# [Your assignment]
Please give back word for word the lines of the material below between the line containing "Vendo escopeta superpuesta" and the line containing "maxUnavailable", inclusive.

# [Information provided]
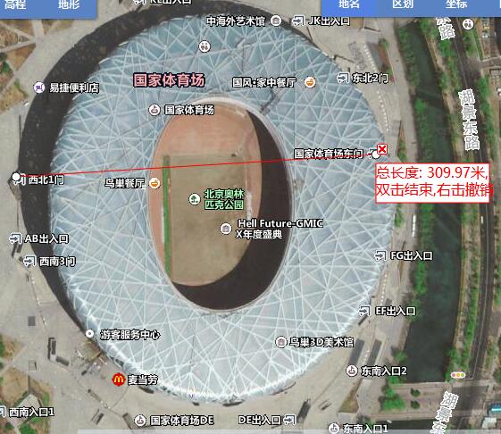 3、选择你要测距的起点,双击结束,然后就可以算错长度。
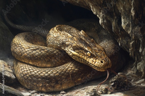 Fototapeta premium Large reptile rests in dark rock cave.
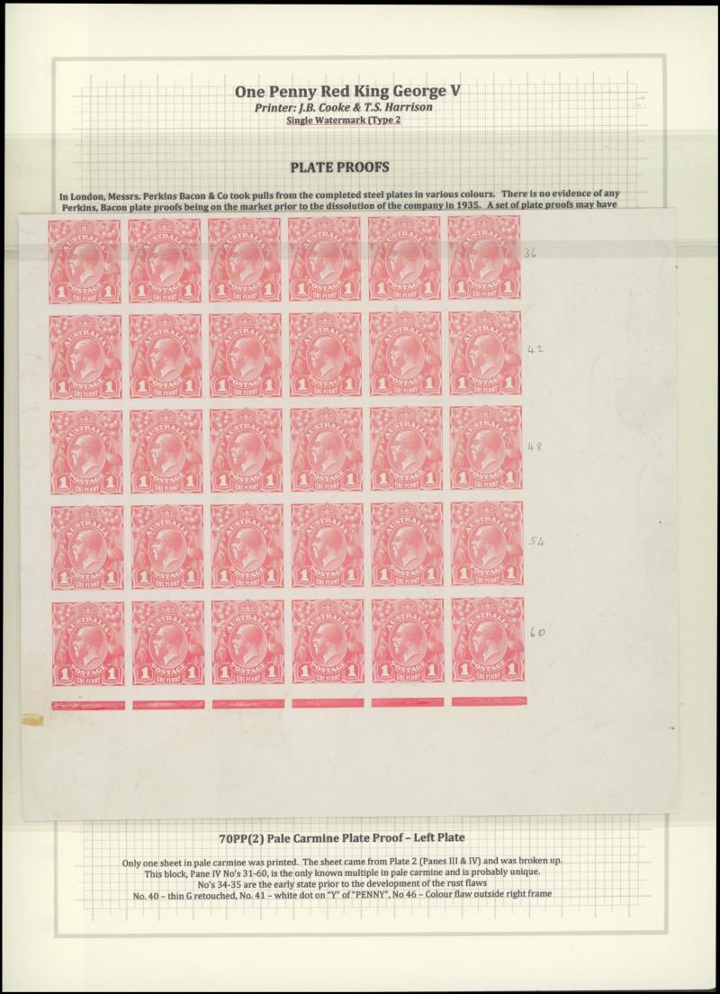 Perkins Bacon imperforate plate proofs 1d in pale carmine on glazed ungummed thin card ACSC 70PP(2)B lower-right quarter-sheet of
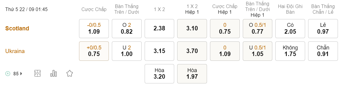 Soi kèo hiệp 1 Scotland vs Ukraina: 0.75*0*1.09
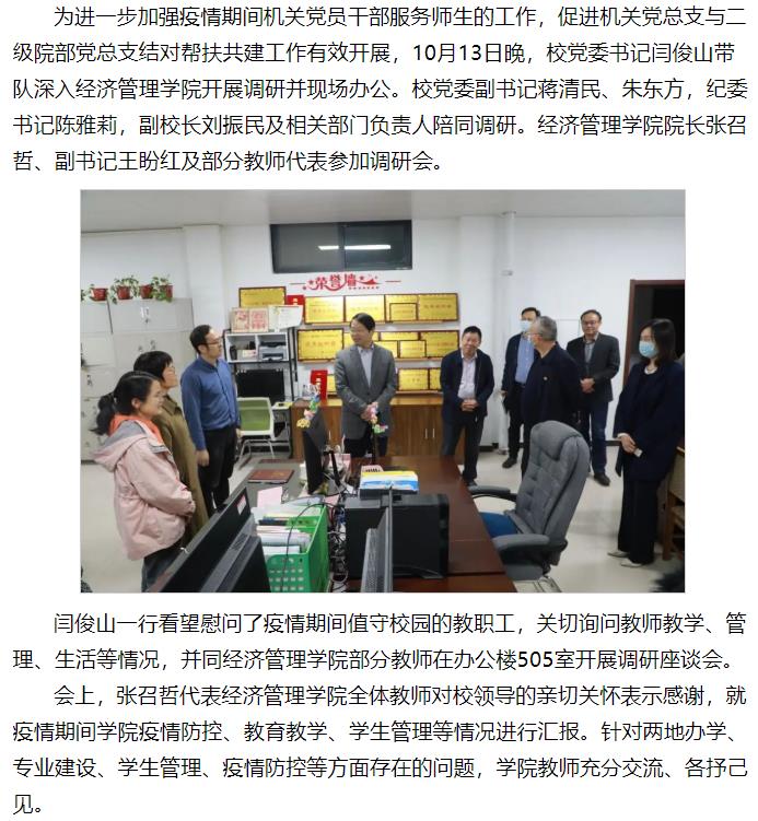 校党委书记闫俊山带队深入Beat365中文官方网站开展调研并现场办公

---

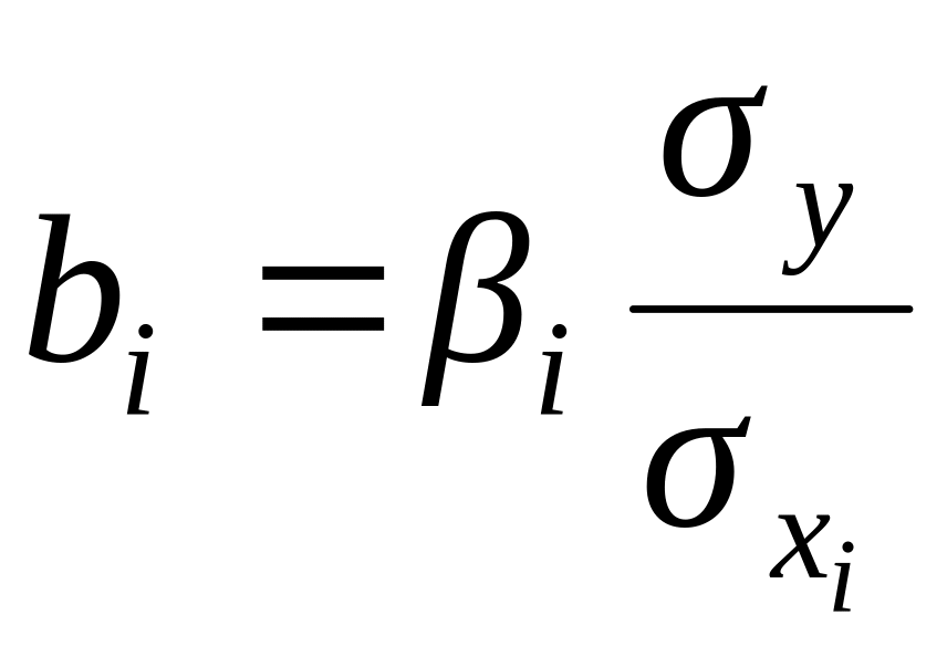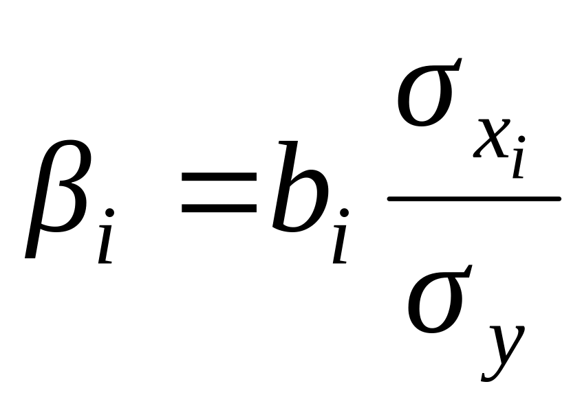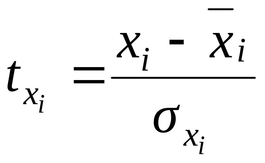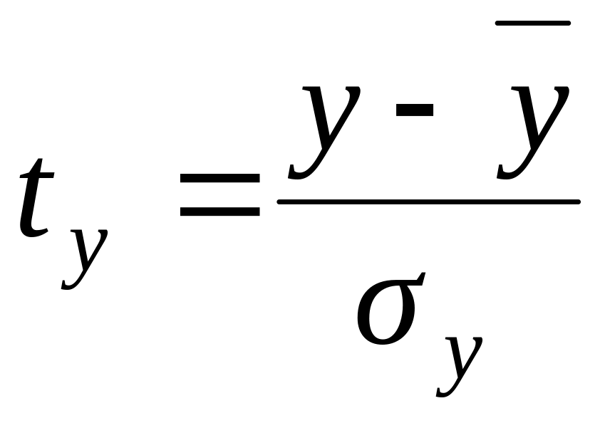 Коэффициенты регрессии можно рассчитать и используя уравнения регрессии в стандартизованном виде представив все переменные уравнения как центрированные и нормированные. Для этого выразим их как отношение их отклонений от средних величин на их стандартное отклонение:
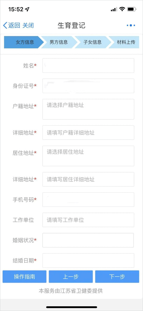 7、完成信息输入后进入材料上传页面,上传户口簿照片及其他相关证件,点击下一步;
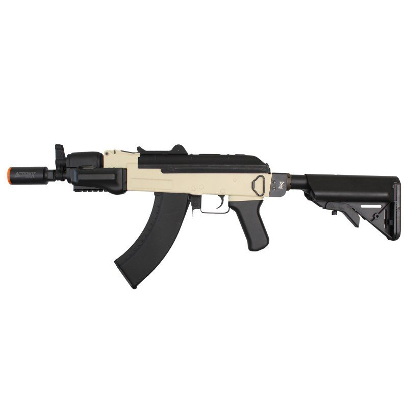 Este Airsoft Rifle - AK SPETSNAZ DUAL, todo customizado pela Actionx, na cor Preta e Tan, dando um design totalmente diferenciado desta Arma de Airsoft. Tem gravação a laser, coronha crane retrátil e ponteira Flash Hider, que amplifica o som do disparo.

---

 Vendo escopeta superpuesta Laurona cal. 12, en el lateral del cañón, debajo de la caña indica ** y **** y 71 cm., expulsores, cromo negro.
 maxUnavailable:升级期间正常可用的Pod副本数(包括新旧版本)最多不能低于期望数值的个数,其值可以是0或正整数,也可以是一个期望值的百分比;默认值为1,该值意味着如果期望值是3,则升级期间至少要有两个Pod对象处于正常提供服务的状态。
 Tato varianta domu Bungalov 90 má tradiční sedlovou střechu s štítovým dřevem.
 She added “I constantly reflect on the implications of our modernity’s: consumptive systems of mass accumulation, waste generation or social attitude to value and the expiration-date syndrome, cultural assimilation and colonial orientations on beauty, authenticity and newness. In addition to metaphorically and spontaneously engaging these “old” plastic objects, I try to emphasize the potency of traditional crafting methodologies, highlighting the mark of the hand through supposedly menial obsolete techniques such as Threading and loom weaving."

# [Answer to this problem]
 Vendo escopeta superpuesta Laurona cal. 12, en el lateral del cañón, debajo de la caña indica ** y **** y 71 cm., expulsores, cromo negro.
 maxUnavailable:升级期间正常可用的Pod副本数(包括新旧版本)最多不能低于期望数值的个数,其值可以是0或正整数,也可以是一个期望值的百分比;默认值为1,该值意味着如果期望值是3,则升级期间至少要有两个Pod对象处于正常提供服务的状态。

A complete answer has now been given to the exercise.